If distance between the foci of an ellipse is 6 and distance between its directrices is 12, then length of its latus rectum is : (A)4 (B)`3sqrt2` (C)9 (D)`2sqrt2`

To solve the problem, we will follow these steps: ### Step 1: Understand the given information We know that: - The distance between the foci of the ellipse is 6. - The distance between the directrices is 12. ### Step 2: Relate the distance between the foci to the semi-major axis The distance between the foci of an ellipse is given by \(2c\), where \(c = \sqrt{a^2 - b^2}\) and \(a\) is the semi-major axis. Therefore, we have: \[ 2c = 6 \implies c = 3 \] ### Step 3: Relate the distance between the directrices to the semi-major axis and eccentricity The distance between the directrices is given by \( \frac{2a}{e} \), where \(e\) is the eccentricity of the ellipse.
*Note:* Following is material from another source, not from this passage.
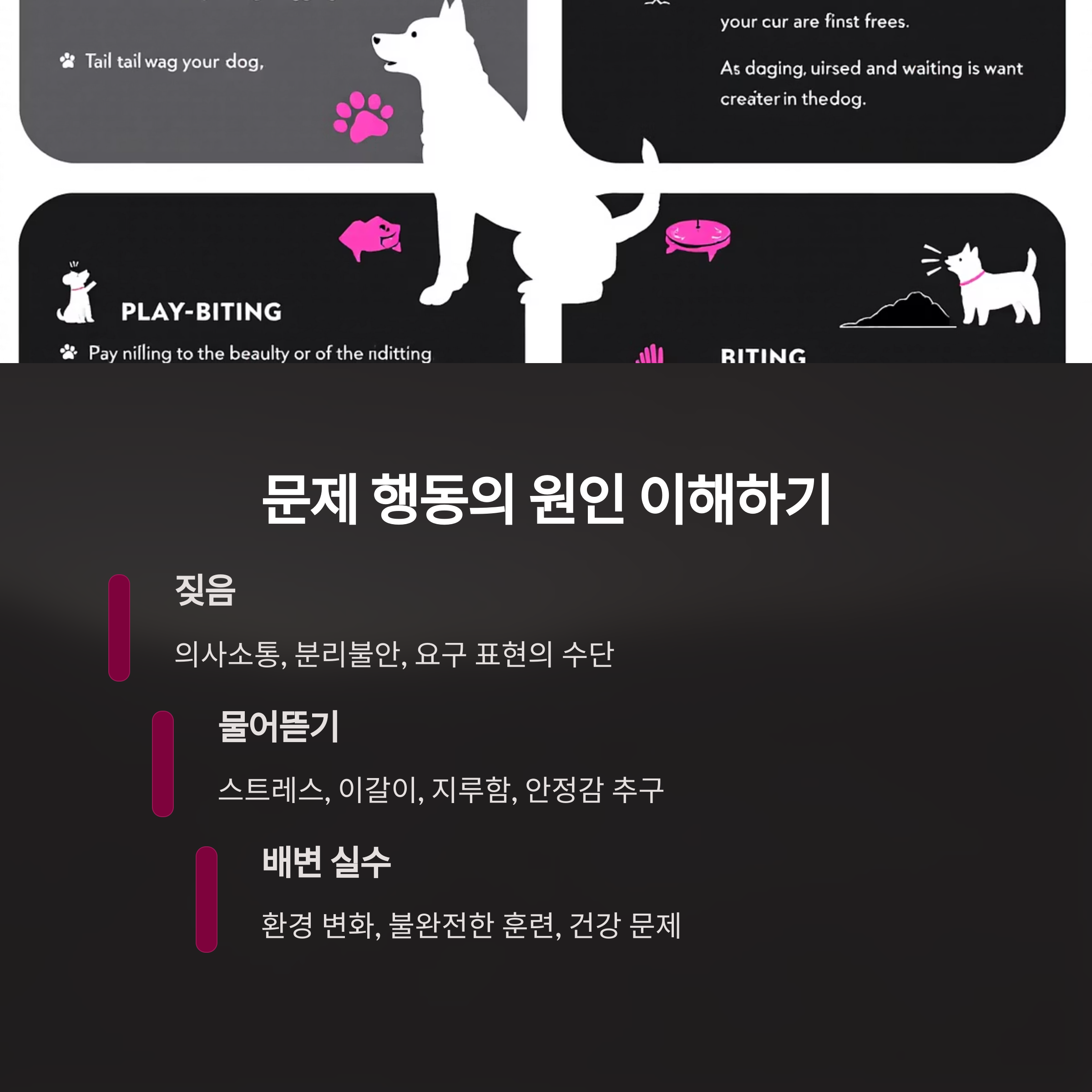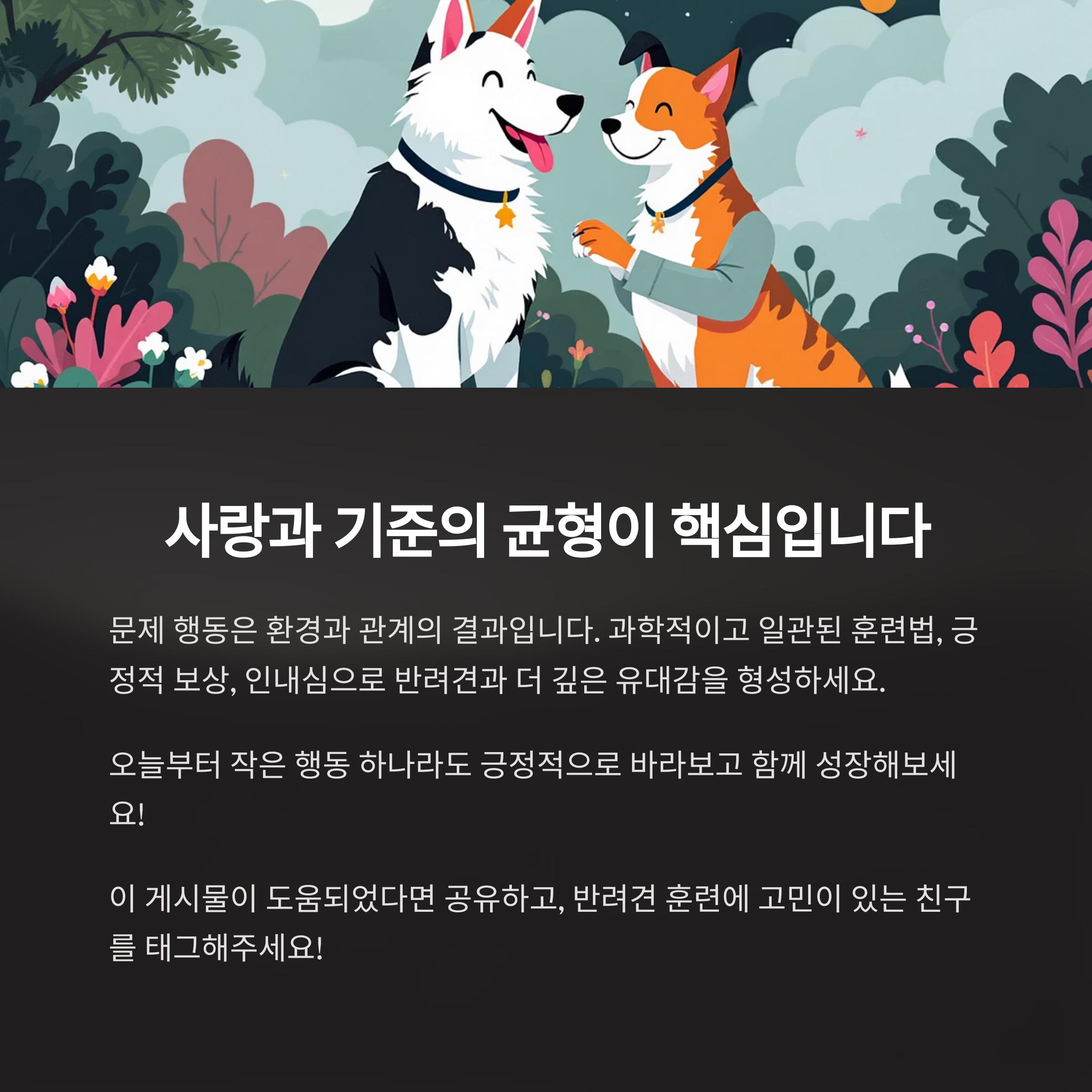 문제 행동은 반려견의 잘못이 아니라 환경과 관계의 결과일 수 있다는 점을 인식하고, 차근차근 원인을 파악하고 교정해 나가야 합니다. 과학적이고 일관된 훈련법, 긍정적인 보상, 보호자의 인내심이 함께할 때, 반려견은 가장 안정된 모습으로 성장하고 보호자와 더 깊은 유대감을 형성할 수 있습니다.

We know that: \[ \frac{2a}{e} = 12 \implies \frac{a}{e} = 6 \] ### Step 4: Express eccentricity in terms of \(a\) From the relationship \(c = ae\), we can express \(e\) as: \[ e = \frac{c}{a} \] Substituting \(c = 3\): \[ e = \frac{3}{a} \] ### Step 5: Substitute \(e\) in the equation from Step 3 Substituting \(e\) in the equation \( \frac{a}{e} = 6 \): \[ \frac{a}{\frac{3}{a}} = 6 \implies \frac{a^2}{3} = 6 \implies a^2 = 18 \implies a = 3\sqrt{2} \] ### Step 6: Calculate \(b^2\) Using the relationship \(c^2 = a^2 - b^2\): \[ c^2 = 3^2 = 9 \quad \text{and} \quad a^2 = 18 \] Thus, \[ 9 = 18 - b^2 \implies b^2 = 9 \implies b = 3 \] ### Step 7: Calculate the length of the latus rectum The length of the latus rectum \(L\) is given by the formula: \[ L = \frac{2b^2}{a} \] Substituting the values of \(b\) and \(a\): \[ L = \frac{2 \cdot 9}{3\sqrt{2}} = \frac{18}{3\sqrt{2}} = \frac{6}{\sqrt{2}} = 3\sqrt{2} \] ### Final Answer Thus, the length of the latus rectum is: \[ \boxed{3\sqrt{2}} \]